Summary Dream 18May2009

By whenhopeislostnothingremains

This morning I remembered another dream…
And it was quite a strange one. It mixed several element that were on my mind but still… Yesterday we had our annual “belt granting ceremony”. I didn’t get a higher belt (but expected that – was sure of it really). Since the ceremony and my martial art is quite important for me, it is no wonder that it penetrated my dreamworld.
This time the dream consisted out of 3 parts:

1. Yesterday during the ceremonies I didn’t get a higher martial art belt. I have improved quite a lot lately but not enough to move up a level. I dreamt that my teachers in my martial art came to hand me a higher belt. They thought I had deserved it and that the Master had made a mistake. And in the dream (as I would in real life) I refused to take it. The only one who can give me a new belt is my Master. So not only I do not deserve it (wich is true) but apparently it makes a big difference WHO’s giving me the belt (and I can see that it matters to me)

2. The second part of my dream was at a dinner outside somewhere together with lots of friends. At one point a stranger came to our table and started looking for trouble with me. I got ennoyed that this guy was ruining the atmosphere for all of my friends so we stepped back a bit and started to fight. Using my martial arts I quickly wiped him to the ground and went back to the table.
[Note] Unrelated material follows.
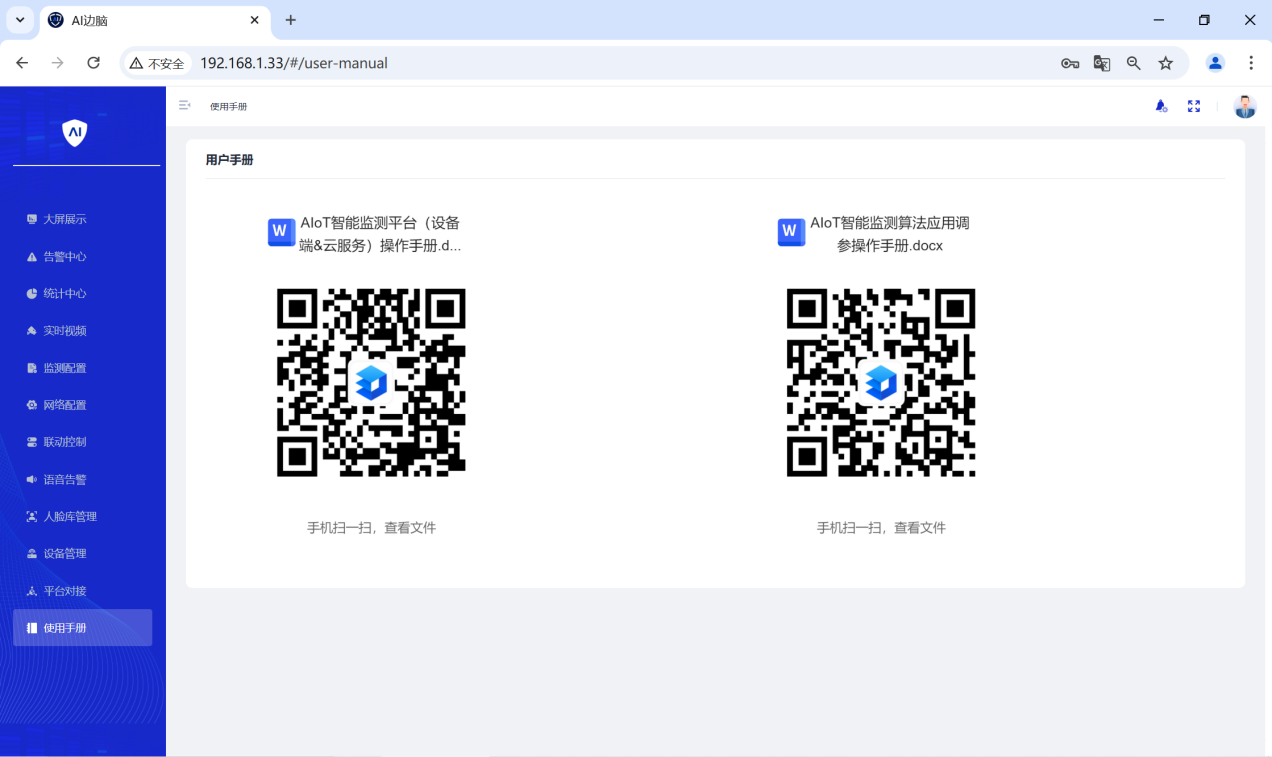 使用手册提供二维码共用户快速扫描获取使用说明,包括使用说明及算法调参说明。

3. The third part of the dream started exactely the same as the second part. Same dinner, same friends, same stranger. However, this time in stead of getting into a fight, I stayed calm and told him that I didn’t want to fight. I was thinking that every fight you prevent is one you have won. So I ignored him and didn’t want to fight him. Case closed? I’m afraid not.
The stranger went to someone else (A. = a friend of mine) and took her digital camera. He wrecked the aparatus. I felt ashamed that because of my unwillingness to fight, someone else got into trouble and even had material damage. I know that I am not responsible for the actions of that stranger but somehow my decision not to act caused grief.

So now I’m wondering what route of action would be the best in real life. Should I refuse to fight (violence isn’t the answer) and accept that I  should not feel responsible for whatever consequences it causes? Or should I be aware of the possible consequences of in-action and choose the route that would cause the least discomfort for those I care about?
Or maybe there’s another route that I overlook?

I guess it is somewhat the same question as “suppose you, as the only person in the world,  could travel back in time, would you kill a 10-year old Hitler?”
1. Yes, because it would prevent the murder of millions of innocents (change the course of history unknowing the results or consequences)
2. No, I should not kill an (untill then) innocent child. The choices he makes are his and I am not responsible for his actions.

What if, BECAUSE of your assasination he gets bittered and decides to become the mass murderer?